EXERCISE BRIEF:
Word for word, restate all of the data shown below.
━━ SUPPLIED DATA
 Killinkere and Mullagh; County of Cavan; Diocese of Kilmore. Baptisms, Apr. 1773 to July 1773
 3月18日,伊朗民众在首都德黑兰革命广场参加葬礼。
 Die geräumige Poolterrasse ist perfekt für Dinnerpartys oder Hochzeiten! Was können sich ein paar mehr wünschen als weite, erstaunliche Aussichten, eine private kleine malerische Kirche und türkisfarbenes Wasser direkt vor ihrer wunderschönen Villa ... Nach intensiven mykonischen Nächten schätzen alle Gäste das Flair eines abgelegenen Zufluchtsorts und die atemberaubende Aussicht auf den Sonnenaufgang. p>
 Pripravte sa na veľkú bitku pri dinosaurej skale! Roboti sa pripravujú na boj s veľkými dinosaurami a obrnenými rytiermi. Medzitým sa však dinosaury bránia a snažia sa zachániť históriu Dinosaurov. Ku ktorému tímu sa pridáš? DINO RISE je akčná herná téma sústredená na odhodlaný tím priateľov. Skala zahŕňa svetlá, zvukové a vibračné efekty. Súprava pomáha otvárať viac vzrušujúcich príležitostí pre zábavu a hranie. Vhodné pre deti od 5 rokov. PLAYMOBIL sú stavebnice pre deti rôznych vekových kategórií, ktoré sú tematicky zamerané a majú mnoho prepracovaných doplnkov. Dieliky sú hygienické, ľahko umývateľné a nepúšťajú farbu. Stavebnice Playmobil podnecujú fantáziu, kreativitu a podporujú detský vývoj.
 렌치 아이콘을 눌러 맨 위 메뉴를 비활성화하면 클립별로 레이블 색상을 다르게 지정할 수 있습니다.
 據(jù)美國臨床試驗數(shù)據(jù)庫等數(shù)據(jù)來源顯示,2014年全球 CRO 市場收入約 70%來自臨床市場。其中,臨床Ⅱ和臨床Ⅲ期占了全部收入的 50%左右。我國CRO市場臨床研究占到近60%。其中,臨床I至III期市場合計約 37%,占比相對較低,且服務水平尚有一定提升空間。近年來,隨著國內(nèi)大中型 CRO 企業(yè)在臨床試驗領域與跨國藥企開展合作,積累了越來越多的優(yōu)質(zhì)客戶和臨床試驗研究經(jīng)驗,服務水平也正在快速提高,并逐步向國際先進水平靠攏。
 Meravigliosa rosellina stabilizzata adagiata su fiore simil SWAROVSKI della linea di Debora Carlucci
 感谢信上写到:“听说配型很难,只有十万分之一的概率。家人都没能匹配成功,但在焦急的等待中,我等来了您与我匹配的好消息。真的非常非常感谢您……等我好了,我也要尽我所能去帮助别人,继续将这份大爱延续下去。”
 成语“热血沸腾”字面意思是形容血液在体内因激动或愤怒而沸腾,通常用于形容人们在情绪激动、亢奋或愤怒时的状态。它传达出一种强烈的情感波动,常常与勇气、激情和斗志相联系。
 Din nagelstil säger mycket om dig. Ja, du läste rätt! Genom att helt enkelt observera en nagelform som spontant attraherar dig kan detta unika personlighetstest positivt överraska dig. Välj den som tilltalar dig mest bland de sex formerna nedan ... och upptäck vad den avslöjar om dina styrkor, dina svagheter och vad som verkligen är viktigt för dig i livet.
━━━━
RESULT OF THE TASK:
 Killinkere and Mullagh; County of Cavan; Diocese of Kilmore. Baptisms, Apr. 1773 to July 1773
 3月18日,伊朗民众在首都德黑兰革命广场参加葬礼。
 Die geräumige Poolterrasse ist perfekt für Dinnerpartys oder Hochzeiten! Was können sich ein paar mehr wünschen als weite, erstaunliche Aussichten, eine private kleine malerische Kirche und türkisfarbenes Wasser direkt vor ihrer wunderschönen Villa ... Nach intensiven mykonischen Nächten schätzen alle Gäste das Flair eines abgelegenen Zufluchtsorts und die atemberaubende Aussicht auf den Sonnenaufgang. p>
 Pripravte sa na veľkú bitku pri dinosaurej skale! Roboti sa pripravujú na boj s veľkými dinosaurami a obrnenými rytiermi. Medzitým sa však dinosaury bránia a snažia sa zachániť históriu Dinosaurov. Ku ktorému tímu sa pridáš? DINO RISE je akčná herná téma sústredená na odhodlaný tím priateľov. Skala zahŕňa svetlá, zvukové a vibračné efekty. Súprava pomáha otvárať viac vzrušujúcich príležitostí pre zábavu a hranie. Vhodné pre deti od 5 rokov. PLAYMOBIL sú stavebnice pre deti rôznych vekových kategórií, ktoré sú tematicky zamerané a majú mnoho prepracovaných doplnkov. Dieliky sú hygienické, ľahko umývateľné a nepúšťajú farbu. Stavebnice Playmobil podnecujú fantáziu, kreativitu a podporujú detský vývoj.
 렌치 아이콘을 눌러 맨 위 메뉴를 비활성화하면 클립별로 레이블 색상을 다르게 지정할 수 있습니다.
 據(jù)美國臨床試驗數(shù)據(jù)庫等數(shù)據(jù)來源顯示,2014年全球 CRO 市場收入約 70%來自臨床市場。其中,臨床Ⅱ和臨床Ⅲ期占了全部收入的 50%左右。我國CRO市場臨床研究占到近60%。其中,臨床I至III期市場合計約 37%,占比相對較低,且服務水平尚有一定提升空間。近年來,隨著國內(nèi)大中型 CRO 企業(yè)在臨床試驗領域與跨國藥企開展合作,積累了越來越多的優(yōu)質(zhì)客戶和臨床試驗研究經(jīng)驗,服務水平也正在快速提高,并逐步向國際先進水平靠攏。
 Meravigliosa rosellina stabilizzata adagiata su fiore simil SWAROVSKI della linea di Debora Carlucci
 感谢信上写到:“听说配型很难,只有十万分之一的概率。家人都没能匹配成功,但在焦急的等待中,我等来了您与我匹配的好消息。真的非常非常感谢您……等我好了,我也要尽我所能去帮助别人,继续将这份大爱延续下去。”
 成语“热血沸腾”字面意思是形容血液在体内因激动或愤怒而沸腾,通常用于形容人们在情绪激动、亢奋或愤怒时的状态。它传达出一种强烈的情感波动,常常与勇气、激情和斗志相联系。
 Din nagelstil säger mycket om dig. Ja, du läste rätt! Genom att helt enkelt observera en nagelform som spontant attraherar dig kan detta unika personlighetstest positivt överraska dig. Välj den som tilltalar dig mest bland de sex formerna nedan ... och upptäck vad den avslöjar om dina styrkor, dina svagheter och vad som verkligen är viktigt för dig i livet.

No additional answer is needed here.